Baby Safety / Compounds / Cyclophosphamide

Is Cyclophosphamide safe for babies and kids?

Severe risk for kids

Infants have immature drug-metabolizing enzymes (CYP450 ontogeny), reduced renal clearance, and different volume of distribution. Accidental exposure or breast milk transfer of Cyclophosphamide poses heightened risk.

What is cyclophosphamide?

The IUPAC name is N,N-bis(2-chloroethyl)-2-oxo-1,3,2lambda5-oxazaphosphinan-2-amine.

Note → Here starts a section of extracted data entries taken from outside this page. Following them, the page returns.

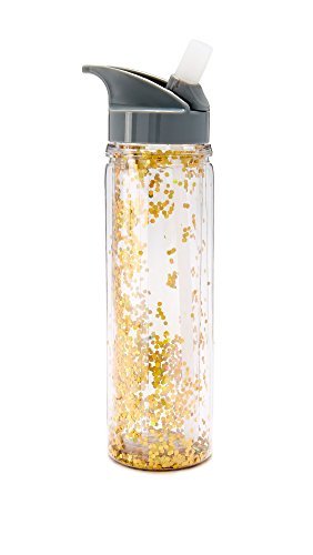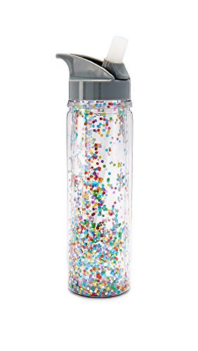 This Slant Collections water bottle is inlaid with shimmery confetti. BPA-free.
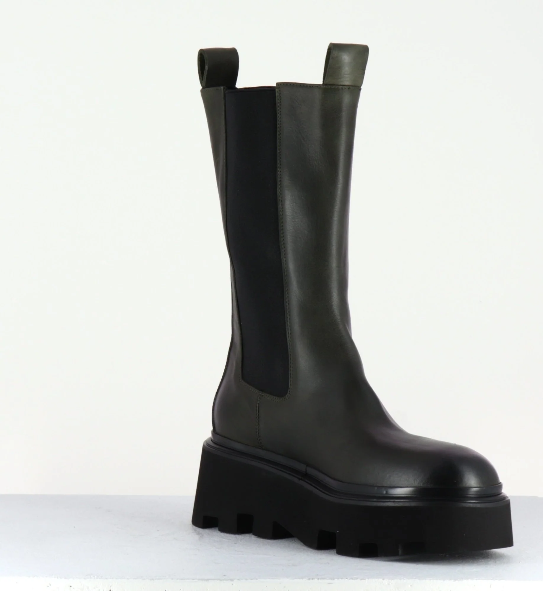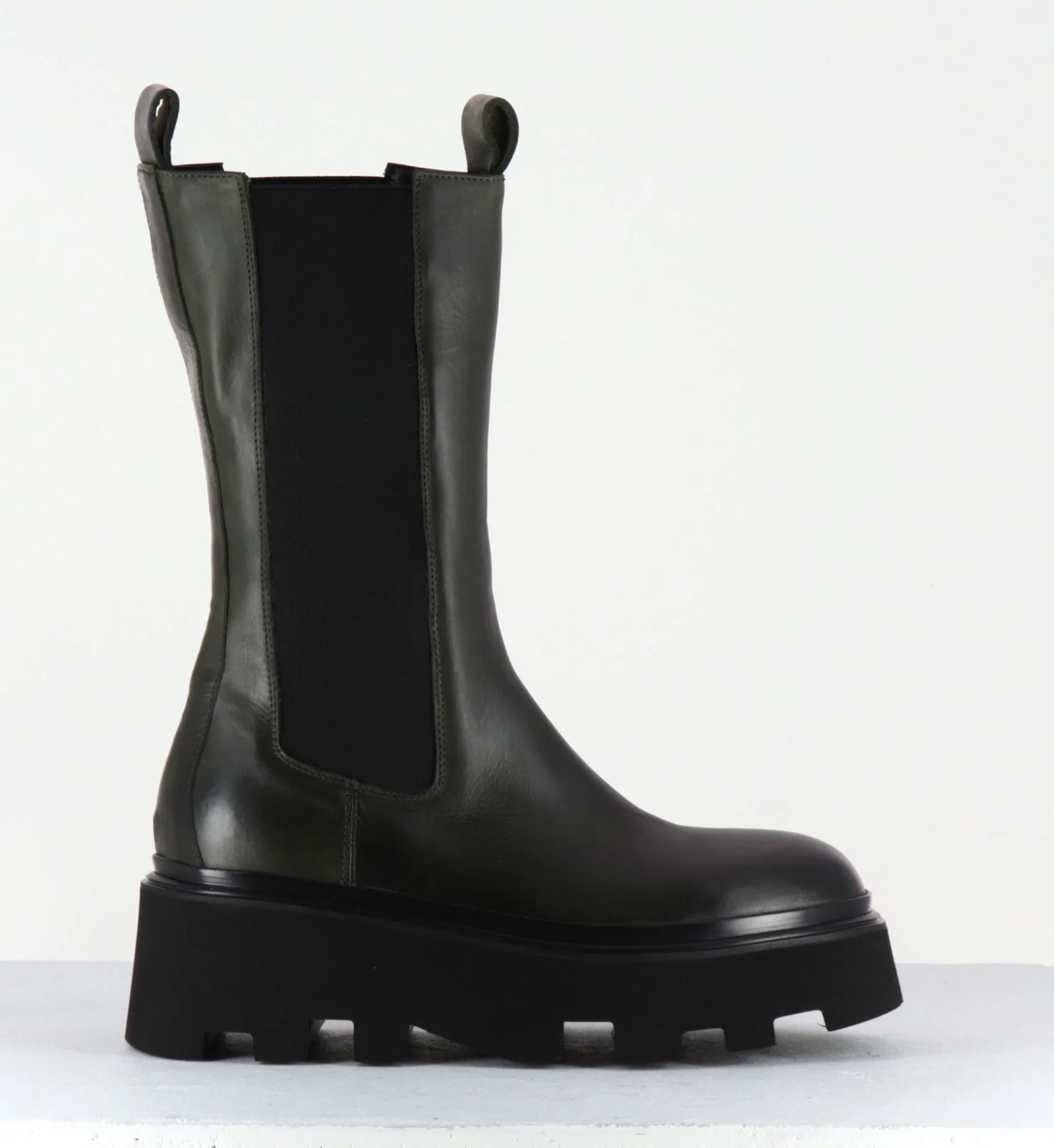 Boots en cuir vert kaki à élastique chelsea tige mi-hauteE2721K Elena Iachi Boots en cuir vert kaki brossé au noir, à élastique chelsea tige mi-haute, montées sur une semelle épaisse ultra-légère. Chausse légèrement grand
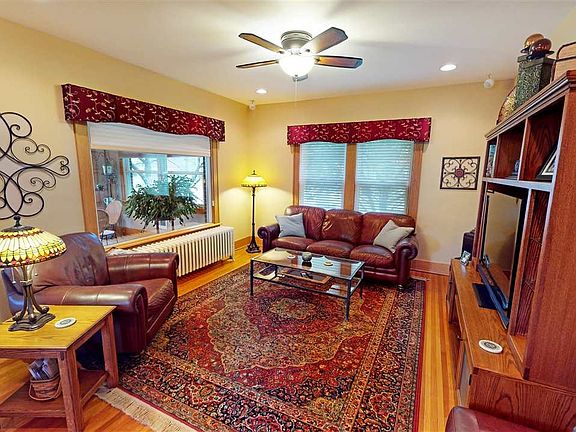 Show-stopping 2 story home in pristine condition, with an abundance of character and charm. Kitchen features lots of Cabinets, Corian counters, eating bar and newer appliances. French doors between formal dining and living rooms. Front porch/sun room adds an additional 270 sq ft to main floor living area. Spacious bedrooms with walk-in closets. Large 12X15 upstairs bath with double sinks and onyx tops, 3X5 tiled walk-in shower, separate jetted tub and walk-out deck. Fully finished walk-up attic. Beautiful woodwork throughout. Expertly landscaped fenced yard with patio area and storage building. South fence jointly owned with neighbor. Peerless high efficiency boiler for heat, heat pump and air conditioner for cooling. RO included. Floor rugs are not included.
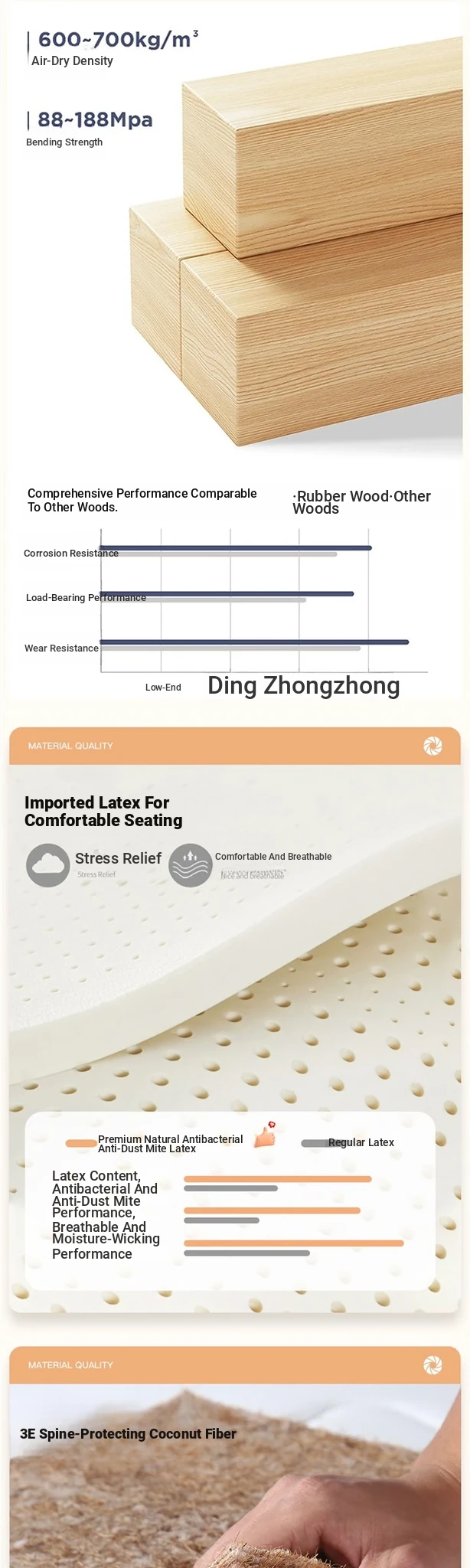 [Latex] 70.87 in Walnut + Mattress + Pillow
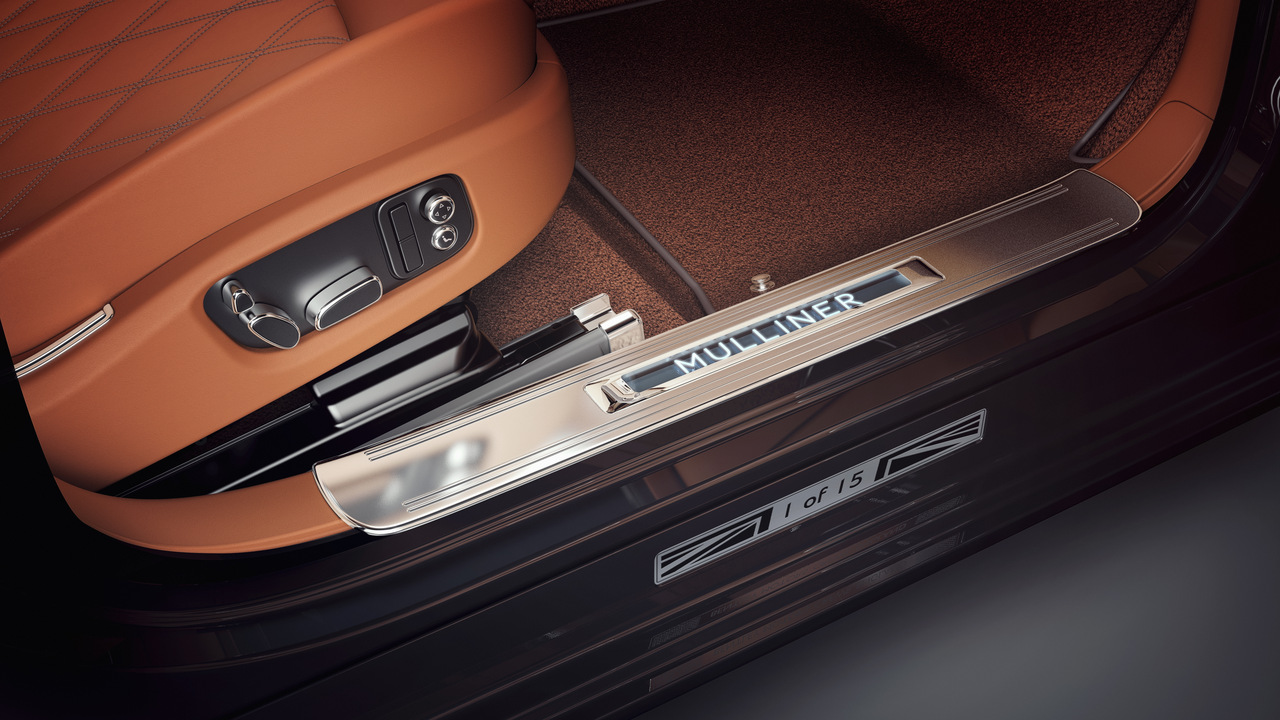 Покупатели смогут выбрать из трех цветовых вариантов: Newmarket Tan с жженым дубом, Fireglow с имперским синим и Shortbread с красным деревом. Последним штрихом являются защитные пластины на пороги из нержавеющей стали с логотипами Mulliner.
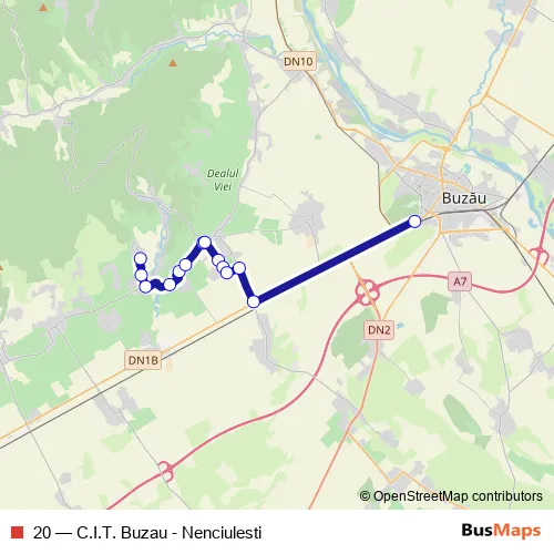 The first stop of the 20 bus route is Nenciulesti and the last stop is C.I.T. Buzau. 20 (C.I.T. Buzau - Nenciulesti) is operational during on weekdays.
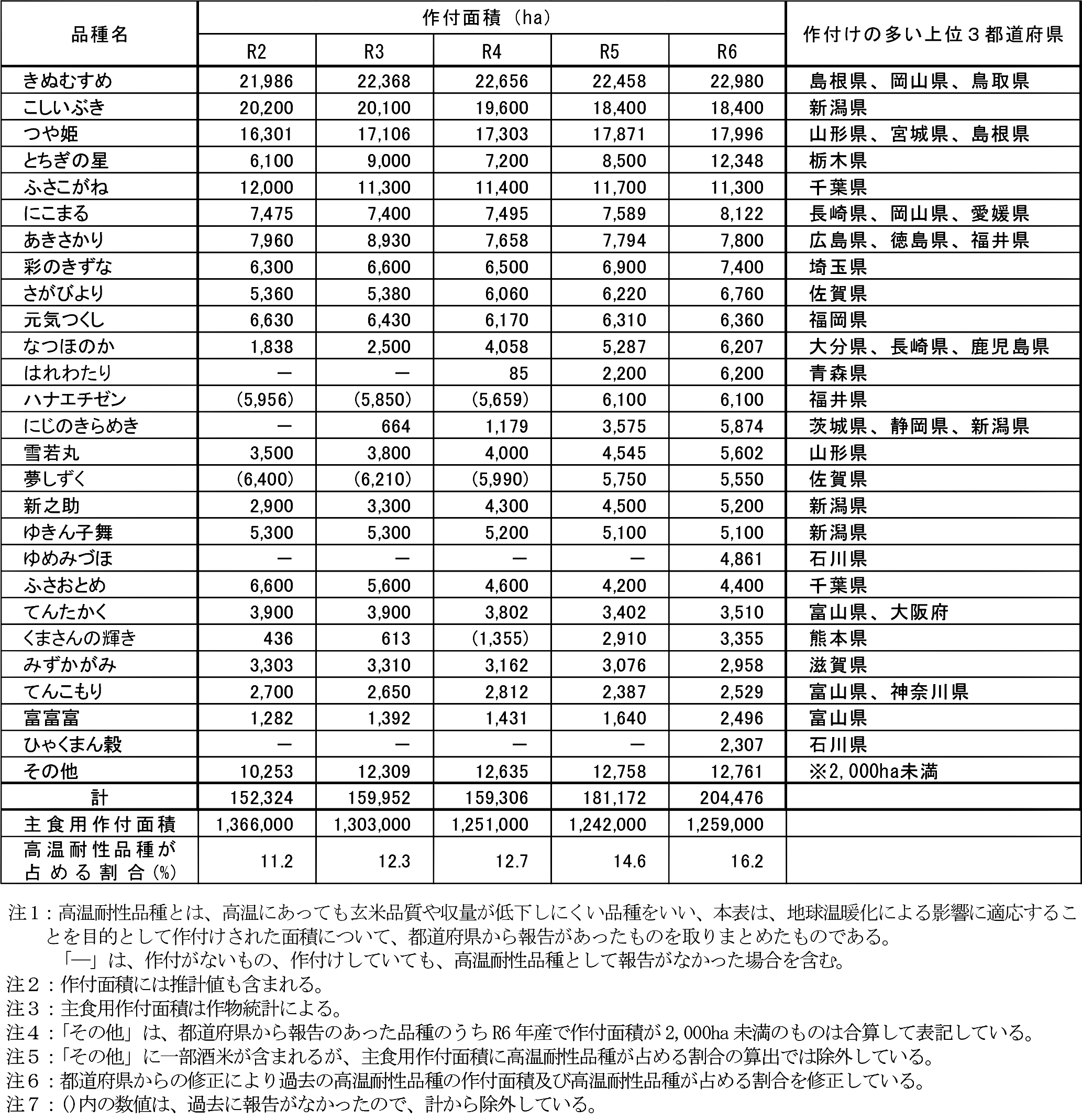 高温耐性品種の作付面積は2020年には15万2000haだったが、毎年増加し23年には18万1172ha、24年には20万4476haとなり、全国の主食用作付面積に占める割合は16.2%となった。
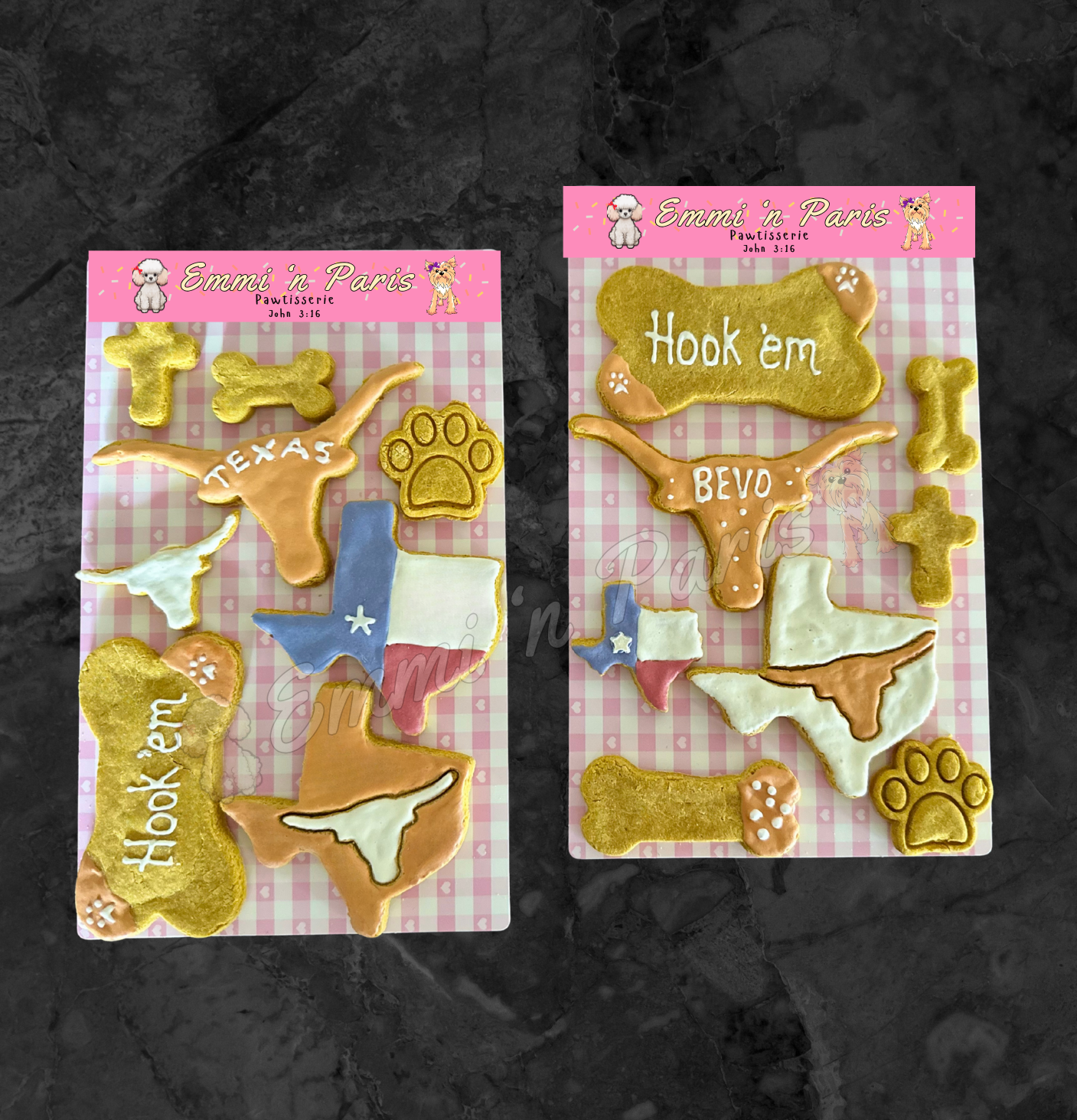 Texas and Longhorn cookies! Your pup will “Yee Howl” Nutritious, organic ingredients, human-grade, non-GMO. No preservatives, dyes, or sugar. Nothing artificial. Choose flavor and iced or un-iced. Carrot/Apple – oats, carrots, apples, eggs. Pumpkin/Carrot – oats, pumpkin, carrots, eggs. Peanut Butter – ground oats, pureed peanuts, eggs, water. Icing – yogurt powder, tapioca powder, vegetable and fruit powders.
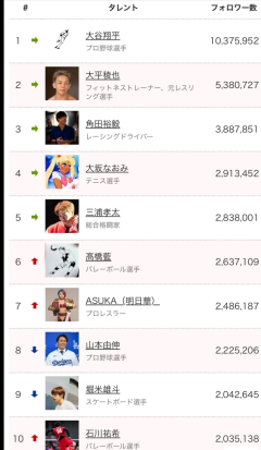 日本人スポーツ選手のインスタフォロワー数ランキング、すごいwwwwwwww
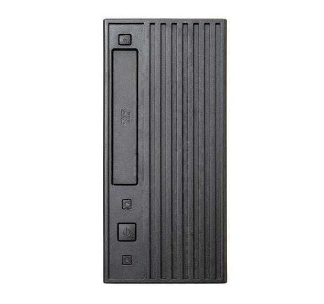 Černá počítačová skříň formátu Mini Tower. Na předním panelu naleznete port 2x USB 3.0, dále také konektor pro sluchátka a konektor pro mikrofon.

Also known as: N,N-bis(2-chloroethyl)-2-oxo-1,3,2lambda5-oxazaphosphinan-2-amine, Cytoxan, Cyclophosphamid, Cyclophosphane.

IUPAC name
N,N-bis(2-chloroethyl)-2-oxo-1,3,2lambda5-oxazaphosphinan-2-amine
CAS number
50-18-0
Molecular formula
C7H15Cl2N2O2P
Molecular weight
261.08 g/mol
SMILES
C1CNP(=O)(OC1)N(CCCl)CCCl
PubChem CID
2907

Risk for babies

Severe risk

Infants have immature drug-metabolizing enzymes (CYP450 ontogeny), reduced renal clearance, and different volume of distribution. Accidental exposure or breast milk transfer of Cyclophosphamide poses heightened risk.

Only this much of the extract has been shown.